Build the deliberation record:

{
  "id": "d_20260328_001",
  "timestamp": "2026-03-28T14:30:00Z",
  "query_hash": "a1b2c3d4",
  "query_summary": "Compare microservices vs monolith for early SaaS",
  "query_features": {
    "length": 52,
    "category": "architecture_decision",
    "keywords": ["compare", "tradeoffs"],
    "protocol_used": "voting"
  },
  "models_used": ["openai/gpt-4o", "anthropic/claude-sonnet-4", "google/gemini-2.0-flash", "x-ai/grok-3"],
  "rankings": {
    "openai/gpt-4o": 2,
    "anthropic/claude-sonnet-4": 1,
    "google/gemini-2.0-flash": 4,
    "x-ai/grok-3": 3
  },
  "chairman": "anthropic/claude-sonnet-4",
  "confidence": 0.82,
  "consensus_level": "strong",
  "cost_usd": 0.09,
  "latency_ms": 12400,
  "self_preference": {
    "anthropic/claude-sonnet-4": true
  },
  "deliberation_value_added": 0.65,
  "routing_decision": "deliberate",
  "routing_source": "heuristic_learning",
  "routing_confidence": 0.8,
  "vault_synced": false,
  "user_rating": null,
  "outcome": "accepted"
}

Notes:

self_preference only includes models where bias was detected (keeps the record compact).

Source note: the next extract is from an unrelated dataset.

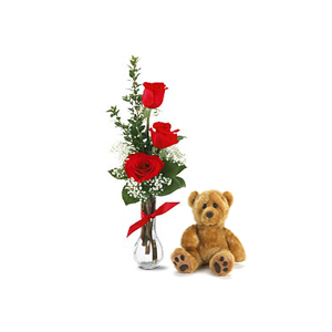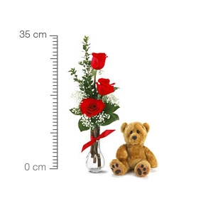 3 Rosas rojas en florero con oso pequeño de aprox 20cm sentado.

If no bias detected, the field is an empty object {}.
deliberation_value_added is always computed, even for the first deliberation. It's what teaches the router.
routing_decision/routing_source/routing_confidence capture what the router decided so we can measure its accuracy over time.
vault_synced tracks whether this record has been written to the Obsidian vault (set to true by Operation 7).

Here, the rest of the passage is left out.